Description of problem: Version-Release number of selected component (if applicable): {"release_tag":"v1.0.26.0","versions":{"assisted-installer":"registry-proxy.engineering.redhat.com/rh-osbs/openshift4-assisted-installer-rhel8:v1.0.0-99","assisted-installer-controller":"registry-proxy.engineering.redhat.com/rh-osbs/openshift4-assisted-installer-reporter-rhel8:v1.0.0-123","assisted-installer-service":"quay.io/app-sre/assisted-service:faf9e09","discovery-agent":"registry-proxy.engineering.redhat.com/rh-osbs/openshift4-assisted-installer-agent-rhel8:v1.0.0-69"}} How reproducible: Steps to Reproduce: 1. Prepare cluster with 3 masters/3 workers and OCS operator , using 4.8.12 2. Make sure all validation are OK and start installation 3. Actual results: After the Installation was started, and nodes were in "Preparing for installation" the cluster got reset and back into the before installation phase. This seems to be caused by some agents that failed the following validation: Container images availability: Failed to fetch container images needed for installation from quay.io/openshift-release-dev/ocp-release:4.8.12-x86_64. Expected results: Validation to fail before user starts Installation Additional info:
There were no installation logs to download, since the cluster moved back to before installation state
We do try cache some of the images before we start the installation, so network issues can happen anytime, i think that enabling the user to retry is a good solution, the question is if it's visible, do you see any events related to it or did you had to go into the agents logs? Besides making it visible i don't see a really good solution, @atraeger @rfreiman what do you think?
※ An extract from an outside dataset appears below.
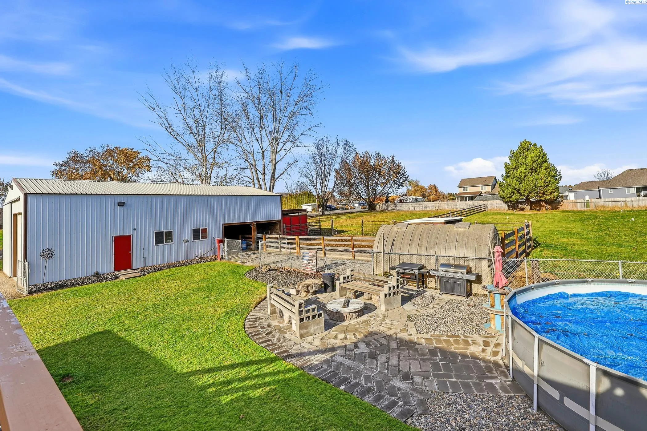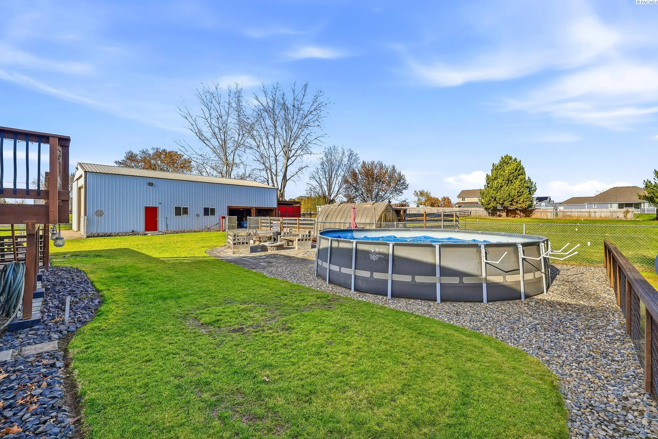 MLS# 289097 Charming, Unique Farmhouse-Inspired Home on 1.09 Irrigated Acres- Set Up Perfectly for Animals & 4H Projects! Discover the ideal blend of country feel and in-town convenience with this warm, inviting 4-bedroom, 2-bath home located close to elementary, middle, and high schools. Pride of ownership shows throughout both the home and the property. Sitting on 1.09 acres, fully fenced and irrigated, this property is truly unique and thoughtfully designed for animal lovers. Enjoy a fully established corral, pasture area, and multiple outbuildings for wood, hay, and storage needs. A greenhouse and dedicated garden area make this the perfect setting for a Gardner or anyone seeking a peaceful, rural lifestyle. A standout feature is the spacious 30×56 shop, complete with (3) 30 Amp outlets, a loft, and plenty of room for hobbies, equipment, or business needs. Additional perks include RV parking and an above-ground pool for summertime enjoyment. The home itself is warm and welcoming, showcasing a farmhouse-inspired style, stainless steel appliances, a spacious finished basement, and a newer roof with a transferable warranty for added peace of mind. This is a rare opportunity to enjoy acreage living with all the amenities you’ve been searching for. Whether you’re starting 4H projects, caring for animals, or simply craving room to roam, this property has it all.Call your realtor today!!!

This is the design that we discussed with UX. I believe the UI has an open task on making the reason more visible.
@tjelinek @jkilzi Is there a ticket that we can link?
Please take a look at this https://issues.redhat.com/browse/MGMT-7943 I couldn't find something more specific. Please let me know if we need to open such a task.
@jkilzi i assigned this ticket to you, if it's ok with QE you can probably close this ticket.
reproduced on Assisted-ui-lib version: 2.0.6
@yobshans seems that when this bug was opened the expectation was to receive the validation failure, about container-images-availability, before the installation begins. This behavior was changed as part of https://issues.redhat.com/browse/MGMT-7943. The desired behavior now is to take you back to the "Review and create" step and show you a warning about what happened. The container-images-availability validation is not designed to run before the installation begins, therefore the expected behavior in the description of this bug must be aligned with the one I described before. Moving back to ON_QA
Not reproducible Assisted-ui-lib version: 2.0.9